* Goal of the exercise
For this task, extract exactly the lines of the data below, from the line containing "Na terça-feira (4)" through the last one, with pictures left out.
Records for this exercise below:
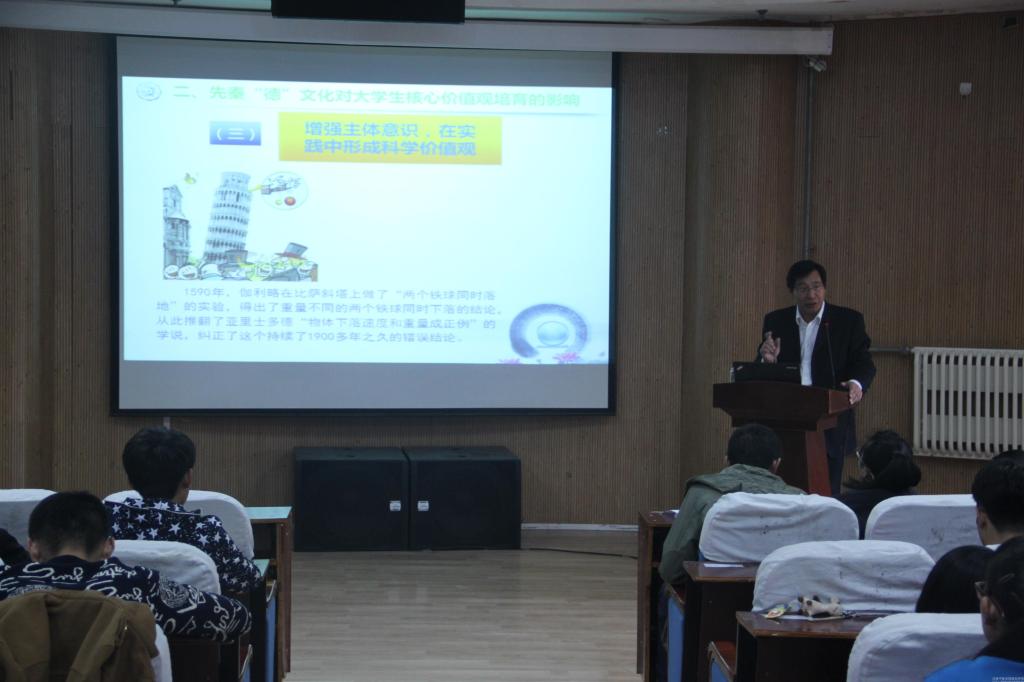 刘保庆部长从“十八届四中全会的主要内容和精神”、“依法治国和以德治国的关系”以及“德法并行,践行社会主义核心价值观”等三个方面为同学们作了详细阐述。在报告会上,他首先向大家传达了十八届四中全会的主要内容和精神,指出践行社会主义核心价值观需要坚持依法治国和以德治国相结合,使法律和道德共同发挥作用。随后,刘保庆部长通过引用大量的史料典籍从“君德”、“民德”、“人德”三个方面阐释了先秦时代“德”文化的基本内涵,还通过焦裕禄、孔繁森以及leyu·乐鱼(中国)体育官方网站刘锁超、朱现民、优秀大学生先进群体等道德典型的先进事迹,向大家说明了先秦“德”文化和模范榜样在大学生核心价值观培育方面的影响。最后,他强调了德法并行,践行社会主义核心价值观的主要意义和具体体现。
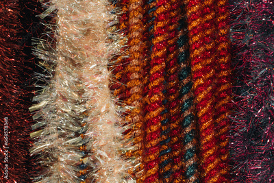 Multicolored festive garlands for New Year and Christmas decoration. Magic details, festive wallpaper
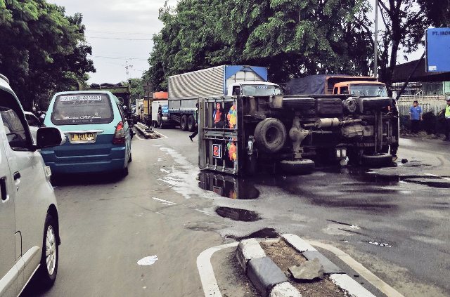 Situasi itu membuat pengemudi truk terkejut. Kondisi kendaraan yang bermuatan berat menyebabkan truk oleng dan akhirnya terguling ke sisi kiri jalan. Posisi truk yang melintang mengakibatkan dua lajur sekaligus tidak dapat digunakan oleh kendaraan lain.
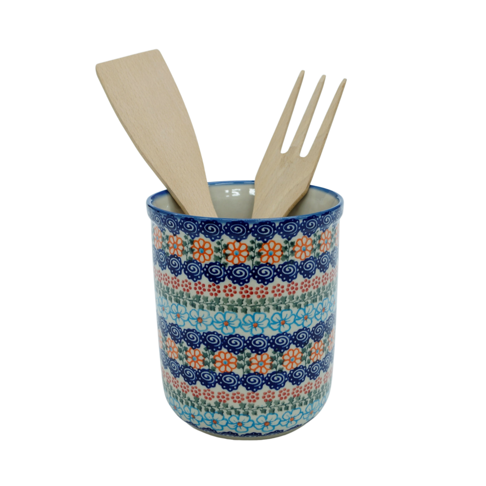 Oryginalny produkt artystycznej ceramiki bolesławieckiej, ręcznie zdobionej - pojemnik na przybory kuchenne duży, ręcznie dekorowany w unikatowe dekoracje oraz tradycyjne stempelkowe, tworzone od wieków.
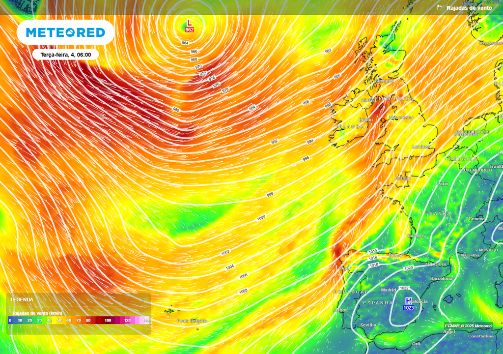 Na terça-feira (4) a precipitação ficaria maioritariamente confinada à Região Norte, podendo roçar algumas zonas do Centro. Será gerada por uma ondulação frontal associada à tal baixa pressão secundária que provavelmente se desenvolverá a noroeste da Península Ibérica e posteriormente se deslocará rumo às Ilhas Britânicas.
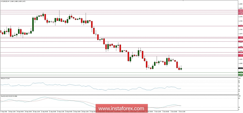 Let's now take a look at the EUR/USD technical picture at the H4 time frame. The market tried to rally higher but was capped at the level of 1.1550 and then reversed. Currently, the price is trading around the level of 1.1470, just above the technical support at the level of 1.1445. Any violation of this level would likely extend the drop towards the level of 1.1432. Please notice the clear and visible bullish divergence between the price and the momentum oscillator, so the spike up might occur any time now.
End of Records for this exercise.
* Exercise answer
 Na terça-feira (4) a precipitação ficaria maioritariamente confinada à Região Norte, podendo roçar algumas zonas do Centro. Será gerada por uma ondulação frontal associada à tal baixa pressão secundária que provavelmente se desenvolverá a noroeste da Península Ibérica e posteriormente se deslocará rumo às Ilhas Britânicas.
 Let's now take a look at the EUR/USD technical picture at the H4 time frame. The market tried to rally higher but was capped at the level of 1.1550 and then reversed. Currently, the price is trading around the level of 1.1470, just above the technical support at the level of 1.1445. Any violation of this level would likely extend the drop towards the level of 1.1432. Please notice the clear and visible bullish divergence between the price and the momentum oscillator, so the spike up might occur any time now.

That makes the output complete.